The answer turns out to be significantly more nuanced than the marketing suggests. Models with nominally large context windows exhibit systematic patterns of what they attend to, what they remember, and where they fail. Understanding these patterns is essential for anyone building applications that depend on long-context reasoning — and for anyone trying to understand what "long-context capability" actually means.
The Lost in the Middle Problem
The most clearly documented failure mode for long-context models is what Liu et al. (2023) called "Lost in the Middle": models are substantially better at retrieving and using information from the beginning and end of long contexts than from the middle.
The paper's experimental design is elegant. A factual question is answered by a specific document hidden within a set of irrelevant documents. The position of the relevant document is varied systematically. Performance — the rate at which the model uses the correct information to answer — is plotted as a function of position.
The resulting U-shaped performance curve — high at position 0 (beginning of context), declining sharply through the middle, and partially recovering at the end — was consistent across multiple models and context lengths. For some models and conditions, accuracy dropped by 20-30 percentage points between the best and worst positions.

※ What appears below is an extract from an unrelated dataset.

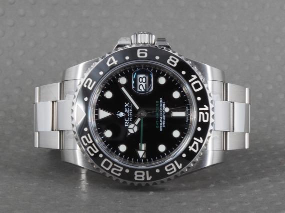 Det super flotte Rolex GMT-Master II, ref. 116710LN, her fra Marts 2017.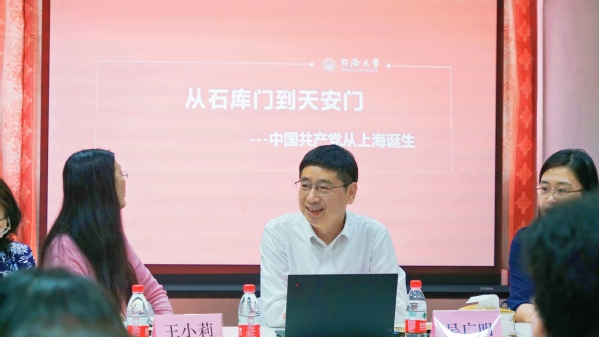 5月27日晚,“共话百年峥嵘,激扬青年之声“党史学习教育社区讲堂——西南十二楼驻楼导师工作站顺利召开。同济大学党委副书记吴广明教授走进学生社区,为同学们讲述中国共产党从上海诞生以后,红色基因百年传承的故事。本期驻楼导师活动由欧洲足球比分直播 党委副书记赵盈主持,共同出席本次活动的还有党委学研工部副部长王小莉、欧洲足球比分直播 党委书记李静茹、欧洲足球比分直播 副院长李忠华、学研工部凌昱晨、欧洲足球比分直播 团委书记彭婧,四十余名同学参与本次活动。

Why does this happen? The attention mechanism assigns higher weight to tokens that are more similar to the query token and to tokens that are closer in position (due to positional encoding effects and the causal attention mask). The beginning of a context window benefits from the fact that early tokens are attended to by all subsequent tokens, which may strengthen their representations throughout forward passes. The end benefits from recency — the final tokens are closest in position to the generation step. The middle has neither advantage.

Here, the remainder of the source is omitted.